[Stored data entries]
================

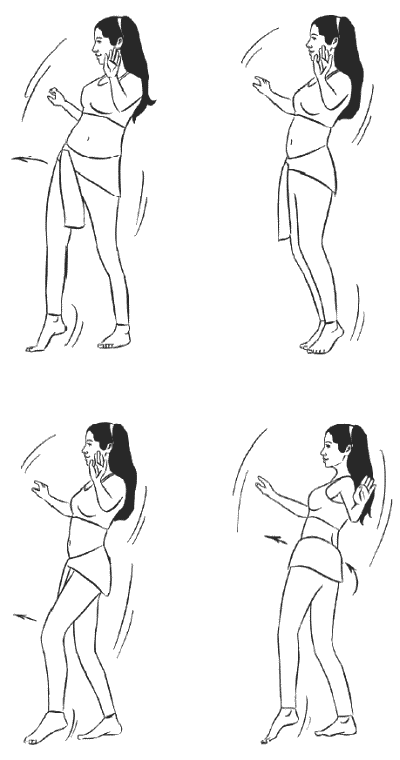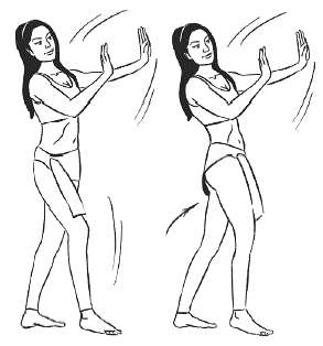 Делая шаг вперед, выполните ритмичное толкание бедра вперед (понятие «шаг» – условно, оно не означает продвижение вперед, вы остаетесь в том положении, которое показано на рисунке, но слегка переносите вес тела вперед и двигаете бедром). Движение следует выполнять на счет «раз».
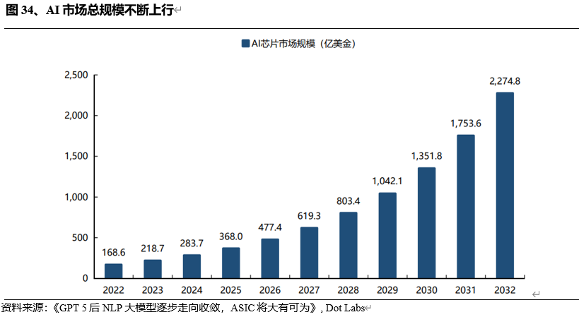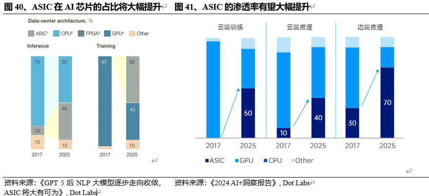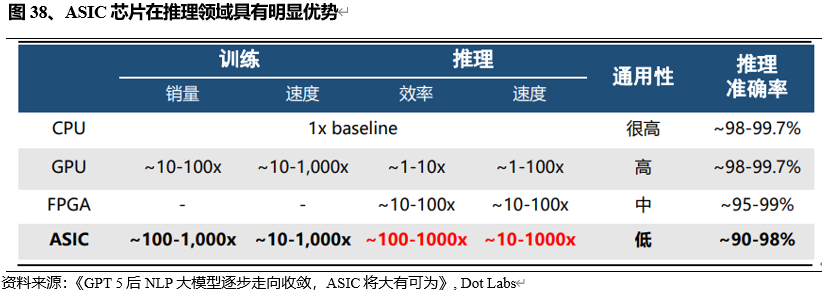 伴随推理侧需求释放,ASIC方案有望加速渗透。在早期大模型快速迭代的训练端爆发阶段,算力及互联带宽为核心指标,同时使用通用芯片可避免专门研发定制芯片所带来的高投入和高风险,故高算力通用GPU为此阶段硬件端最优解。随着大规模应用部署的推理端放量阶段到来,偏应用定制化且具备成本、功耗、体积等优势的ASIC方案渗透率有望快速提升。
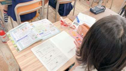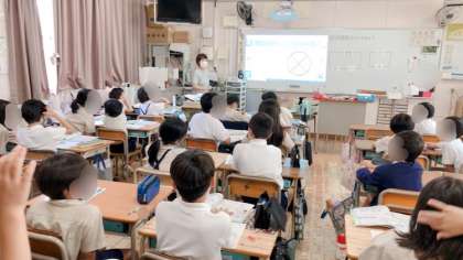 4年生の理科の様子です。電流の学習のおさらいで「この記号は乾電池を表すんやったよね。」っと表記記号の確認をしていました。
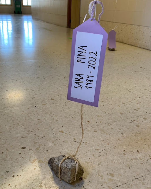 7. "AUSENCIAS": EXPOSICIÓN NO CORREDOR DE ENTRADA DO CENTRO. A autoría desta exposición vén da man do alumnado de Artes de 1º de Bacharelato e foi organizado pola profesora Blanca, do Dpto. de Debuxo.
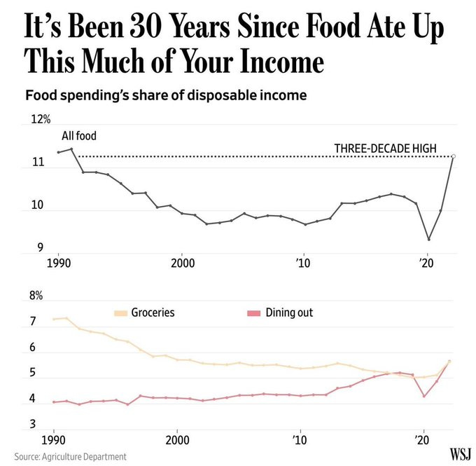 Nonetheless, the absolute price increases have been so enormous that food spending as % of disposable income has reached a three-decade high!
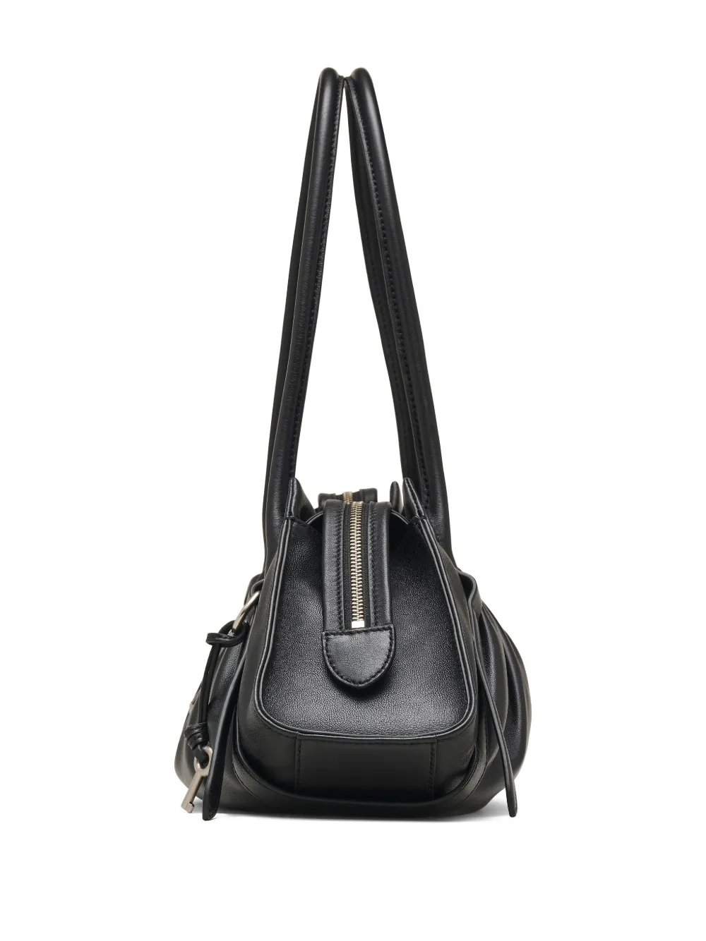 Черная кожаная конструкция, застежка-молния, верхние ручки, деталь замка, брелок для ключей
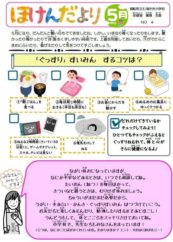 保健だよりNo4を発行しました。「ぐっすり睡眠のコツ」などが紹介されています。また、「7つのまちがいさがし」も
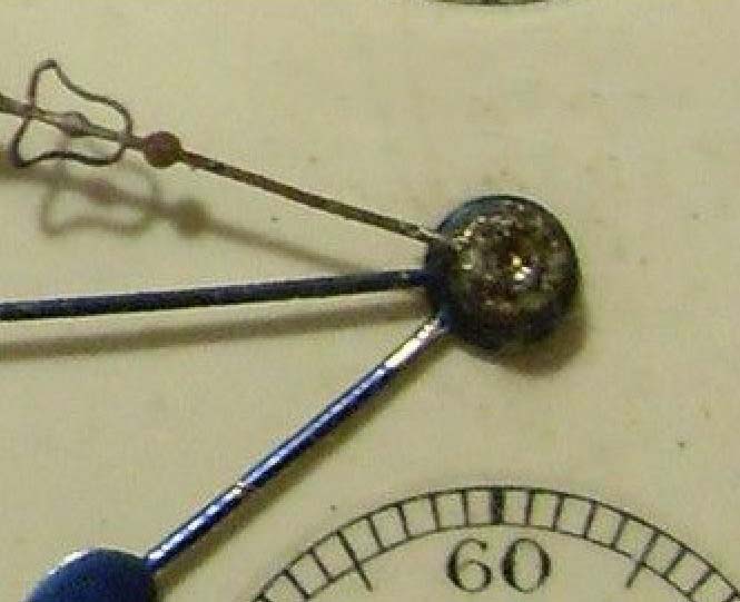 abgebrochener Sekundenzeiger - unter dem Stundenzeiger verborgen
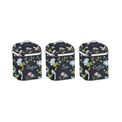 VQ Laura Ashley Tea Coffee and Sugar Canisters Set of 3 Stainless Steel Containers with Removable Lids Printed Storage Jars & Kitchen Elveden Navy
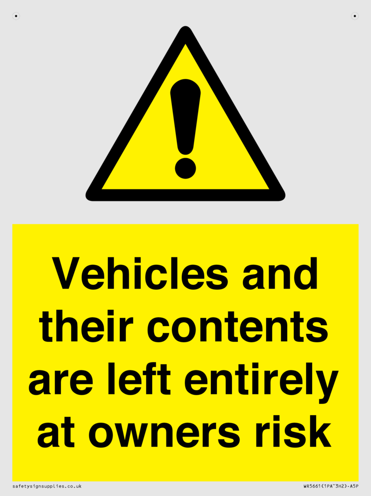 Sign Text: Vehicles and their contents are left entirely at owners risk
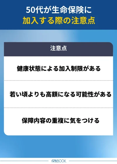 50代が生命保険に加入する際の注意点は、以下のとおりです。
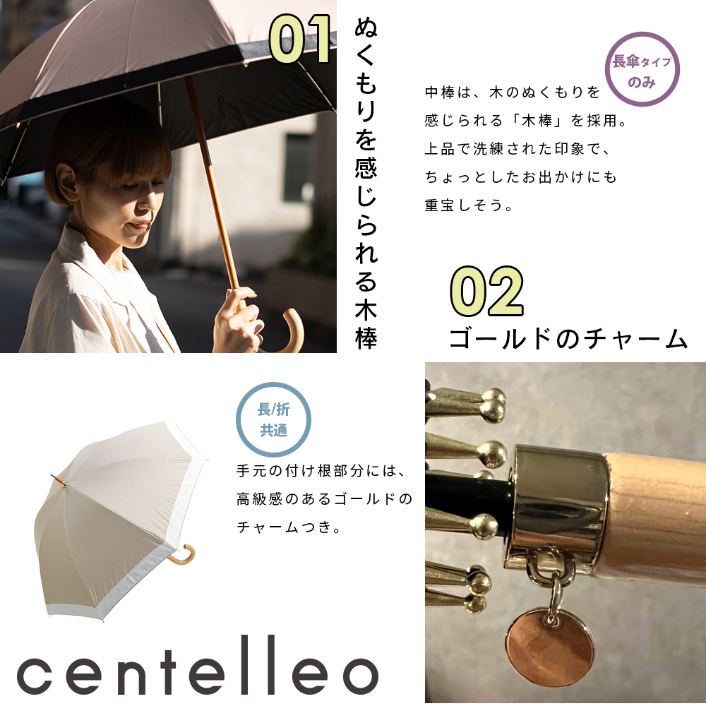 centelleo(センテリオ)の晴雨兼用日傘は、上質な木製の中棒と石突、手元にゴールドチャームをあしらった木庭手元を採用した、洗練されたデザインの長傘です。傘の裾と留めバンドには太めのグログランテープを使用し、異素材の組み合わせがさりげないアクセントとなっています。
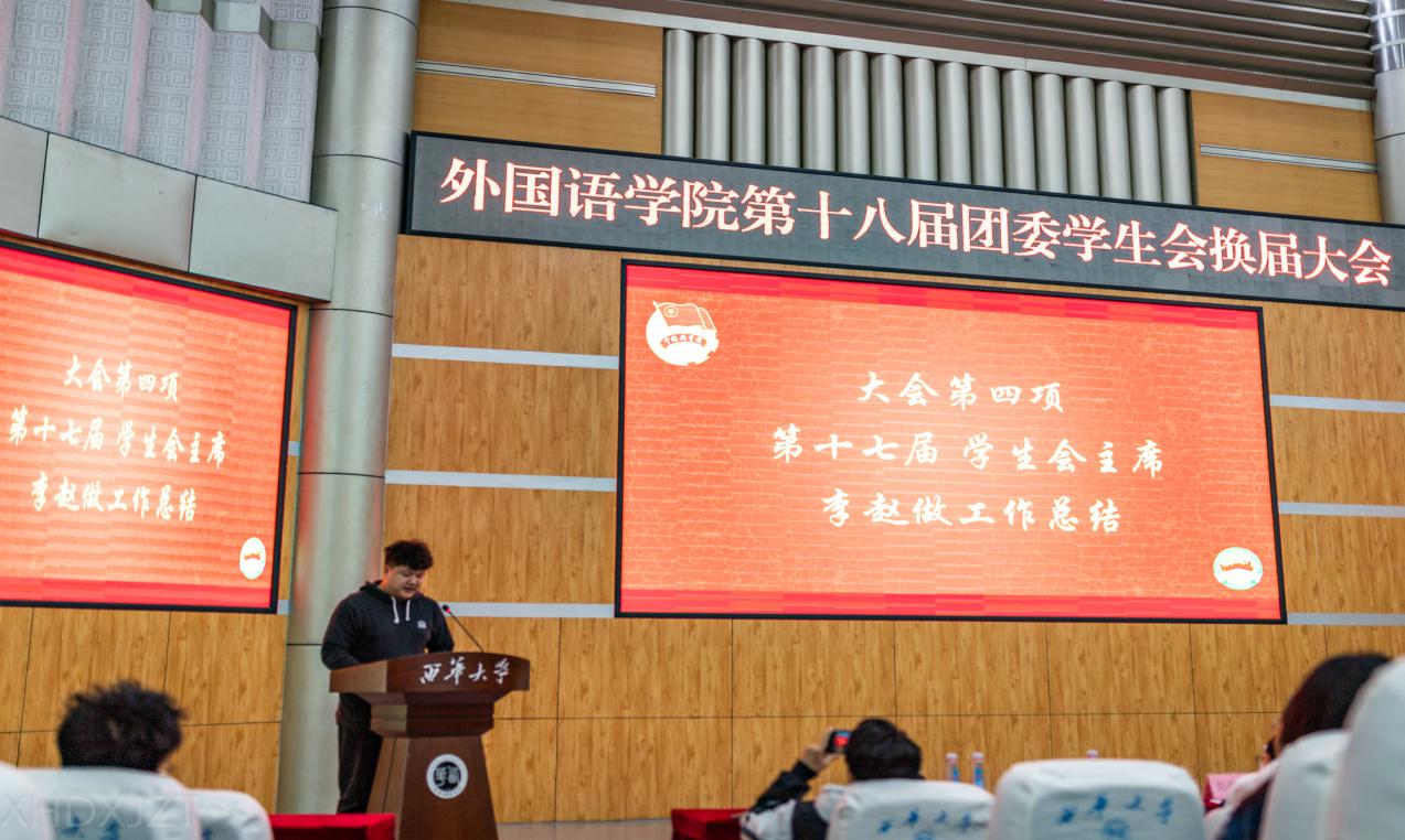 会议伊始,随着朝气蓬勃的中国共青团团歌响起,此次换届大会正式拉开序幕。通过团委学生会风采视频向大家展现了18届外国语学院团委学生会的卓越风姿。其次,第17届团委、学生会主席李赵回顾并总结了2019年团委学生会工作,提及到自身的收获与成长,他由衷的感谢诸位老师的栽培以及团委学生会给予他的发展机会。他表示团委学生会全体成员只有心怀整个团委、学生会组织,不断加强自身建设,才能真正做到学有所成,学有所获。
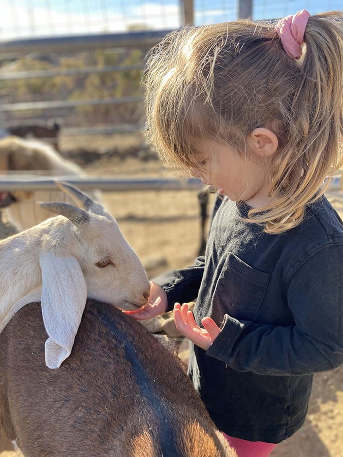 Children interact with friendly goats at the Freedom Farm open house Sunday, Nov. 20. Anza Valley Outlook/Diane Sieker photo
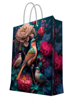 Пакет бумажный "Птица в цветах" 26х32,4х12,7см
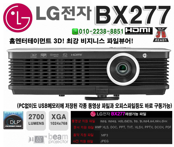 LGÀüÀÚ 3DÇÁ·ÎÁ§ÅÍ BX277 Áß°íºöÇÁ·ÎÁ§ÅÍ 2700¾È½Ã DLPÇÁ·ÎÁ§ÅÍ
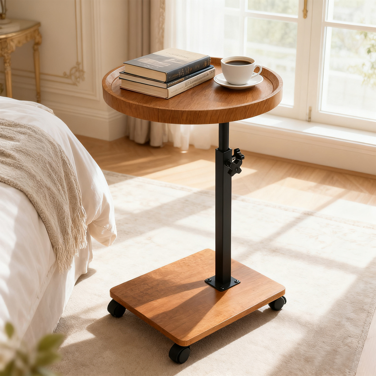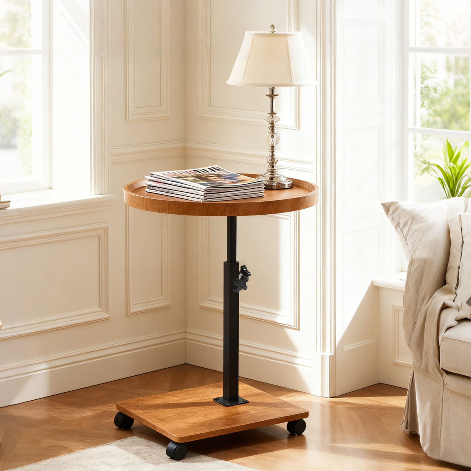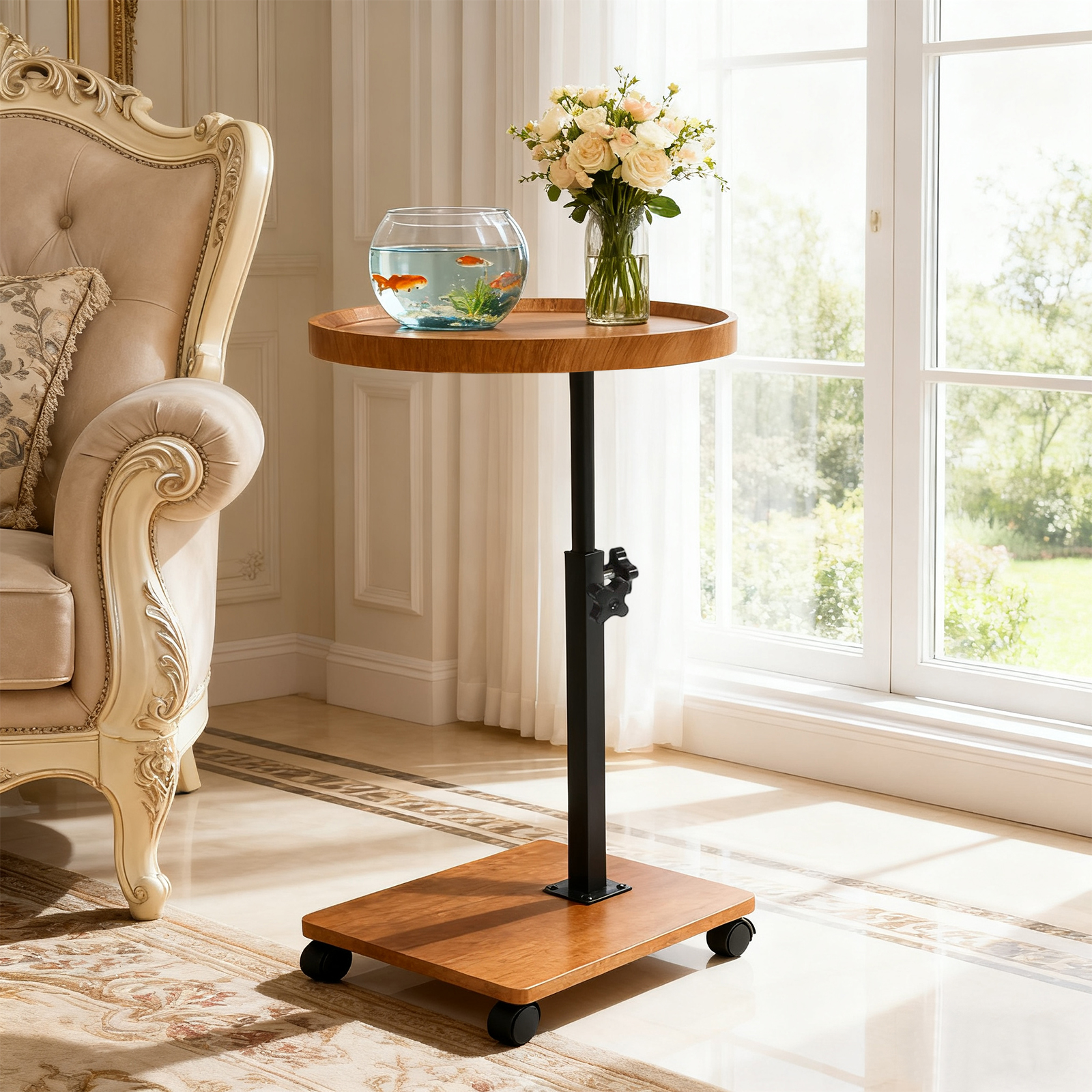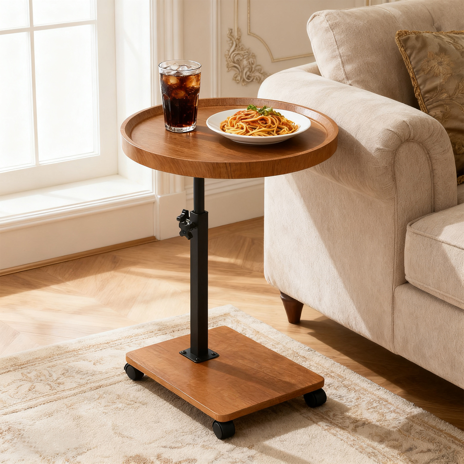 Medium Density Fiberboard & Iron adjustable Side Table durable Dark Brown PC

================

• What needs to be done: Set down every record once more, word for word, without pictures.

• Answer to this task:
 Делая шаг вперед, выполните ритмичное толкание бедра вперед (понятие «шаг» – условно, оно не означает продвижение вперед, вы остаетесь в том положении, которое показано на рисунке, но слегка переносите вес тела вперед и двигаете бедром). Движение следует выполнять на счет «раз».
 伴随推理侧需求释放,ASIC方案有望加速渗透。在早期大模型快速迭代的训练端爆发阶段,算力及互联带宽为核心指标,同时使用通用芯片可避免专门研发定制芯片所带来的高投入和高风险,故高算力通用GPU为此阶段硬件端最优解。随着大规模应用部署的推理端放量阶段到来,偏应用定制化且具备成本、功耗、体积等优势的ASIC方案渗透率有望快速提升。
 4年生の理科の様子です。電流の学習のおさらいで「この記号は乾電池を表すんやったよね。」っと表記記号の確認をしていました。
 7. "AUSENCIAS": EXPOSICIÓN NO CORREDOR DE ENTRADA DO CENTRO. A autoría desta exposición vén da man do alumnado de Artes de 1º de Bacharelato e foi organizado pola profesora Blanca, do Dpto. de Debuxo.
 Nonetheless, the absolute price increases have been so enormous that food spending as % of disposable income has reached a three-decade high!
 Черная кожаная конструкция, застежка-молния, верхние ручки, деталь замка, брелок для ключей
 保健だよりNo4を発行しました。「ぐっすり睡眠のコツ」などが紹介されています。また、「7つのまちがいさがし」も
 abgebrochener Sekundenzeiger - unter dem Stundenzeiger verborgen
 VQ Laura Ashley Tea Coffee and Sugar Canisters Set of 3 Stainless Steel Containers with Removable Lids Printed Storage Jars & Kitchen Elveden Navy
 Sign Text: Vehicles and their contents are left entirely at owners risk
 50代が生命保険に加入する際の注意点は、以下のとおりです。
 centelleo(センテリオ)の晴雨兼用日傘は、上質な木製の中棒と石突、手元にゴールドチャームをあしらった木庭手元を採用した、洗練されたデザインの長傘です。傘の裾と留めバンドには太めのグログランテープを使用し、異素材の組み合わせがさりげないアクセントとなっています。
 会议伊始,随着朝气蓬勃的中国共青团团歌响起,此次换届大会正式拉开序幕。通过团委学生会风采视频向大家展现了18届外国语学院团委学生会的卓越风姿。其次,第17届团委、学生会主席李赵回顾并总结了2019年团委学生会工作,提及到自身的收获与成长,他由衷的感谢诸位老师的栽培以及团委学生会给予他的发展机会。他表示团委学生会全体成员只有心怀整个团委、学生会组织,不断加强自身建设,才能真正做到学有所成,学有所获。
 Children interact with friendly goats at the Freedom Farm open house Sunday, Nov. 20. Anza Valley Outlook/Diane Sieker photo
 Пакет бумажный "Птица в цветах" 26х32,4х12,7см
 LGÀüÀÚ 3DÇÁ·ÎÁ§ÅÍ BX277 Áß°íºöÇÁ·ÎÁ§ÅÍ 2700¾È½Ã DLPÇÁ·ÎÁ§ÅÍ
 Medium Density Fiberboard & Iron adjustable Side Table durable Dark Brown PC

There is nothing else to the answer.